Madeleine gestured for us to sit on the bed while she took the chair at the little table. The mattress springs groaned beneath us. “I couldn’t let anyone know that I’d become the guardian of this relic,” she said, her voice sad. “Even you. I loved you so much and it broke my heart to leave, but I couldn’t refuse Michael. When the relic’s previous guardian died, he chose me for a reason. He placed something important into the most capable hands he could find. You, of all people, would understand.”
“You could’ve said something,” Will said. “Anything. You didn’t have to tell me why you had to leave, but at least told me you were leaving. I thought you were dead.”
“I’m so sorry, sweetheart,” she murmured. “I never meant to cause you pain. I only wanted to protect you in case our enemies learned that I was the Pentalpha guardian.
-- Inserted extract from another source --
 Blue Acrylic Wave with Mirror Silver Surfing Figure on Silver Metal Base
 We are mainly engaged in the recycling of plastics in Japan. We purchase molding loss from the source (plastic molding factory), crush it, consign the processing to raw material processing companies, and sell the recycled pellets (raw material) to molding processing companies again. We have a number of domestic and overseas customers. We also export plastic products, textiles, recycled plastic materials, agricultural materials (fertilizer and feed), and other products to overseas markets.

I feared that, if you knew anything, they would harm you to get to me.”
He shook his head. “They would try. It would get them nowhere.”
She smiled. “You’ve always been strong, William, and here you are, the Guardian of the Preliator.”
“You never knew?” he asked.
Madeleine seemed sad. “No. I’ve been in seclusion for a long time in order to protect this relic. I’ve trusted Evolet to keep me informed of what was happening in the world every few months. I assume she’s the one who led you to me. Where is Nathaniel?”
“He’s dead,” Will replied. “It’s bee
n a few months now.”
Madeleine closed her eyes for several long moments. “I would have liked to see him again. I owe him everything. This war has given and taken so much from us all.”
“How much do you know?” I asked. “About the war.”
“Very little,” she confessed. “I did not know until tonight that Sammael and Lilith are in our world. I’ve heard whisperings that Bastian had been searching for Sammael’s sarcophagus.”
Will’s jaw hardened at the mention of Bastian’s name. I studied him, knowing he had a million questions for his mother, and I wouldn’t speak until he had said what he needed to.
“Did you always know Bastian was my father?” Will asked at last.
Her gaze faltered, but I wasn’t sure that his question surprised her. “Yes, but I didn’t tell him.”
“Did you love him?”
“Yes,” she said faintly. “I did.”
“Why?” he asked, barely able to keep the disbelief from his voice. “How?”
She held her chin up defensively, as if she felt no shame. “Some things that are supposed to be wrong don’t feel that way. He showed me more than once that he wasn’t heartless. I’d hoped he would turn his back on Hell for me, but the pull was too strong.” There was a crack in her defenses, just a hairline fracture, but sorrow showed there.
Will did not miss Madeleine’s weakness and his own expression hardened. “Would it grieve you to know that he is dead?”
She drew a deep breath, pausing before she spoke. “Would it anger you if I said yes?”
“No,” Will said. “If you once loved him, then I expect you would.”
“How did he die?” she asked, her voice quiet. “By your hand?”
“By another’s.”
She was silent for a few moments before rising to tend to the kettle. She brought us each a cup of tea and I let mine sit in my hands to cool off before taking a sip. I tried not to feel awkward sitting here, meeting Will’s mother for the first time, but I couldn’t help it. Perhaps if things weren’t so tense between them, then this would have been easier to endure.